Yesterday I did a comparison (similar as Unix Diff command) of the 2 User Registries so as to maybe note some thing different.
No luck though :(
 
Yes, that would be correct.

I guess installing a different PDF writer (free one) would be out of the question? I'm just thinking that, if you could do that, there are code examples to automate printing PDF's using PDFCreator on this site from VBA. You'd be able to avoid SendKeys all together and have control of the app.

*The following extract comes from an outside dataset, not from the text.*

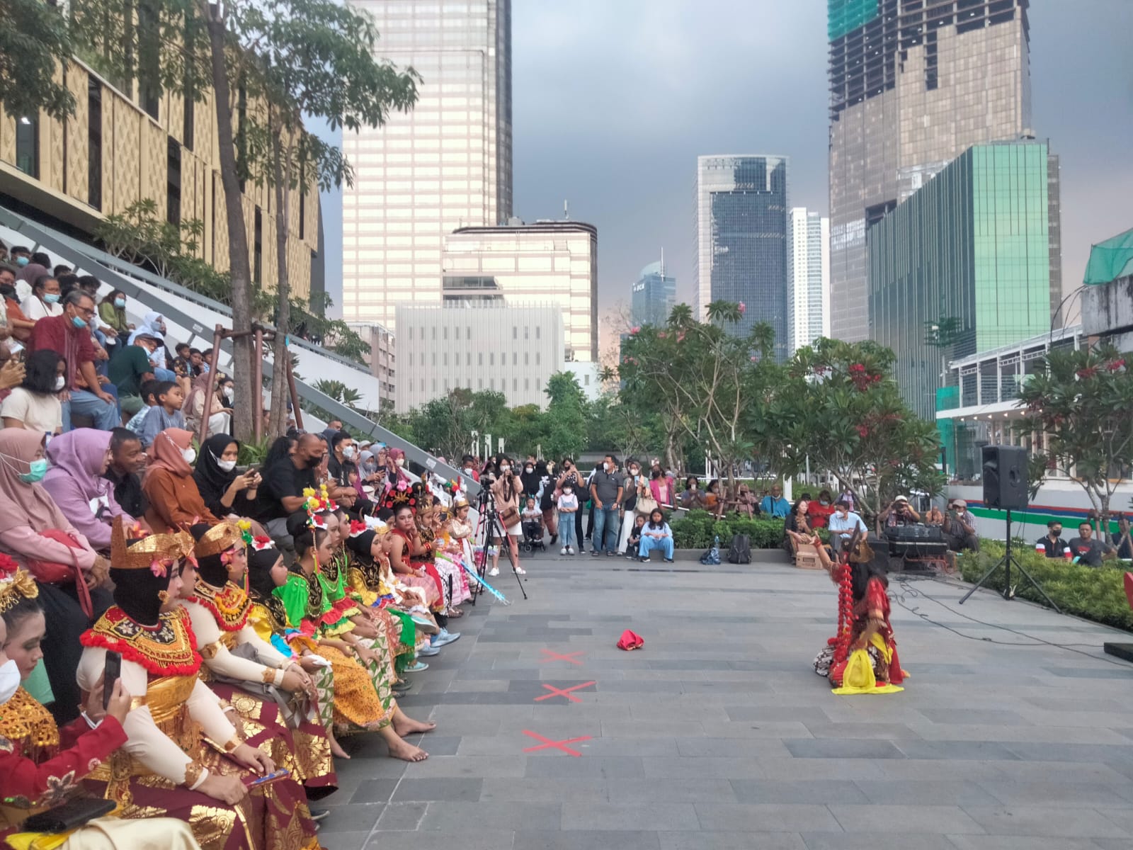 JAKARTAPEDIA.co.id – Ratusan pengunjung Sarinah Thamrin Jakarta memadati tempat duduk di Anjungan Budaya sisi barat pada Sabtu (22/10/2022) mulai pukul 15.30 WIB hingga 17.30 WIB, untuk menyaksikan penampilan para penari tradisional dari Kota Bekasi, Sanggar Indra Kusuma.

The issue, though, would be that you'd need to either install PDFCreator on all user machines, or write some code that checked for a PDFCreator install and defaulted back to SendKeys if PDFCreator wasn't found.

I get the impression from your first post that this probably won't fly, but figured I'd ask, just to make sure.
 
Yep you're correct, unfortunately that's out of the question here.
I do have knowledge of creating PDF files via Excell VBA as well as a module in MSAccess '97 which prints to PDF via solely a coding procedure without the use of Sendkeys but, for MSAccess 2.0 the story is completely different as it's pretty primitive compared to the others (or maybe my knowledge of MSAccess 2.0 is limited).

At the moment I can live with relogging another user so as to get the reports generated and sent, but it's risky, as if I ever forget to relog back the proper user then I would risk missing out the night's scheduled tasks which would then require a good 6 hours work to recuperate.

FrancisP
 
I'd be guessing that the Access 2.0 optionsa are the part that's primitive. Sorry I couldn't offer up any better options. Sounds like a real challenge, this one!